I wish to mention a well-known public case served by me or the legal office under my leadership. The given case was directed at the restoration of work of a well-known journalist Hovhannes Galajyan in his workplace. The court obliged the employer to reemploy the employee and pay mandatory sum for time wasted.

The claim as to the restoration of work of one of the professors of the institute was also an interesting case which reached the Constitutional Court of the Republic of Armenia and in the end one of the articles of RA Civil Code was regarded as anticonstitutional and honourable professor was restored in his work.

I had great honor of defending the claim of N.115 labour team which disputed the rights to receive corresponding salary against the work carried out under detrimental, dangerous, serious conditions and harmful to their health. The given case was reviewed in court instances but it ended up in failure. The foregoing serves as a basis to conclude that there exist all the normative legal norms for the lawful protection of their rights for an employee and employer in the Republic of Armenia. It is only necessary that each person should be well informed of his or her rights and responsibilities.

Now it is expedient to familiarize ourselves with certain provisions of the labour legislation which has a direct relation with the rights and responsibilities of employees and employers.



In accordance with Article 83 of RA Civil Code, a Labour Contract is an agreement between an employee and employer.

Under the given agreement an employer and employee obtain certain rights and responsibilities.

a. an employer is obligated to provide an employee with the agreed work and pay for the work done,

b. an employee is obligated to perform certain work for an employer.

Each person is free to choose and assume the given work. Any compulsory work, as well as any violence or duress in respect of employees is prohibited.
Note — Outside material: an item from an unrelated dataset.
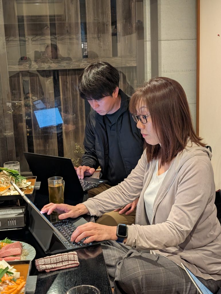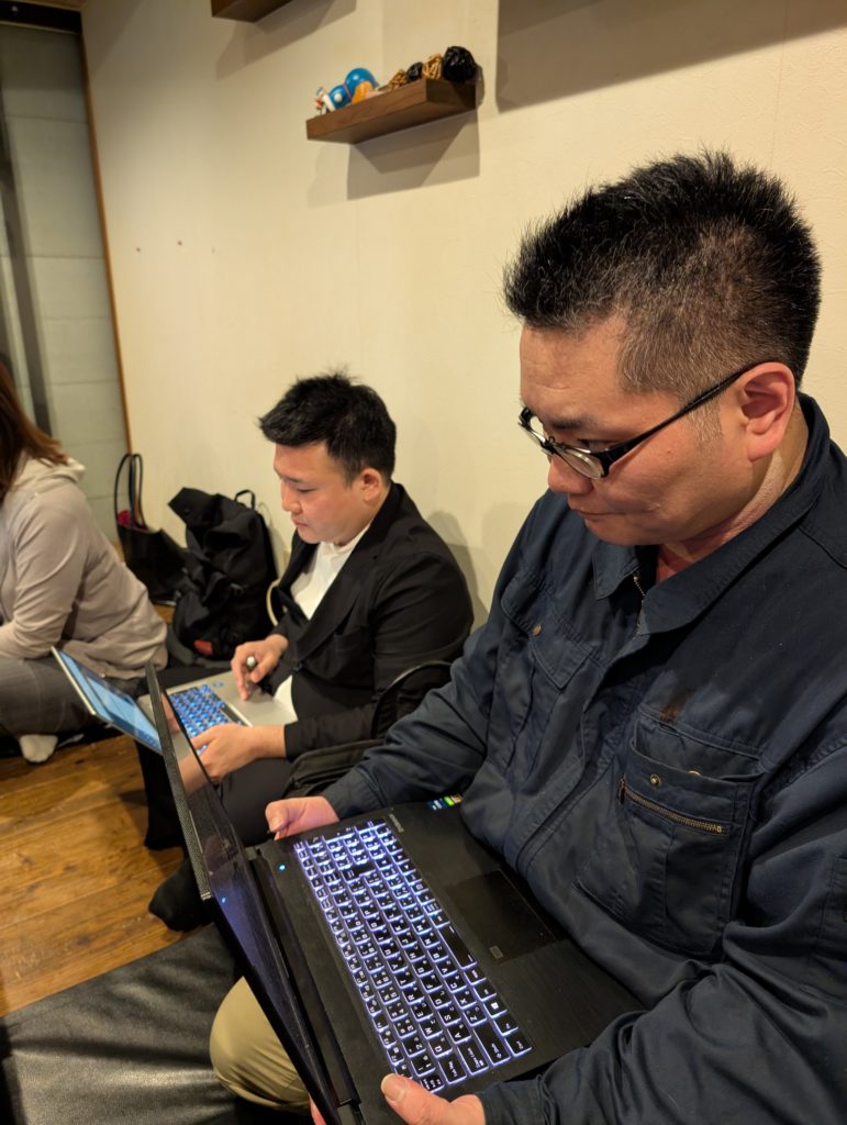 遅れてきたからやる気マンマンの千葉くんも、らんさんでもPC開いてる坪井くんもなんだかうれしい感じ(笑)

The labour contract shall include the following conditions:

a. workplace,

b. year, month, date of commencement of employment, year, month, date of signing the contract,

c. position or name of profession,

d. rights and responsibilities of employers and employees,

e. procedure and amount of remuneration for work done,

f. labour contract duration,

g. privileges and  reimbursements of employees in case of working under harmful and detrimental conditions

A labor contract shall be signed in writing in duplicate by an employer and employee. The employee is recommended to read the contract before signing it and keep one copy thereof.


A labour contract shall be:

a. signed for an indefinite period of time (no the mention of contract period)

b. signed for a definite period of time (with the mention of specific contract period)

An employer is free to fill the vacant or newly-created workplaces without competition or in another manner.

The procedure of filling vacant posts of employees of local self-governing bodies and other state (special) services is determined by other laws and legal acts.



An Employer shall be obligated to demand from the employee to submit the following documents for the conclusion of a contract with an employee:

a. identification document,

b. labour book (not required if it is his or her first employment or he or she is employed on job combination basis),

c. certificate of education or certificate for necessary qualification if the work is related to certain education or profession (pedagogics, medicine, turner’s job, driving etc.),

d. health reference

e. written consent of one of the parents if an employee is a minor of 14-16 years of age,

f. other documents specified by law or other normative acts.

An employer has no right to require that an employee produce such document which are not envisaged by law or other normative legal acts.

It is desirable that an employee produce a character reference, a letter of recommendation, as well as data or documents qualifying his or her preparation and their application.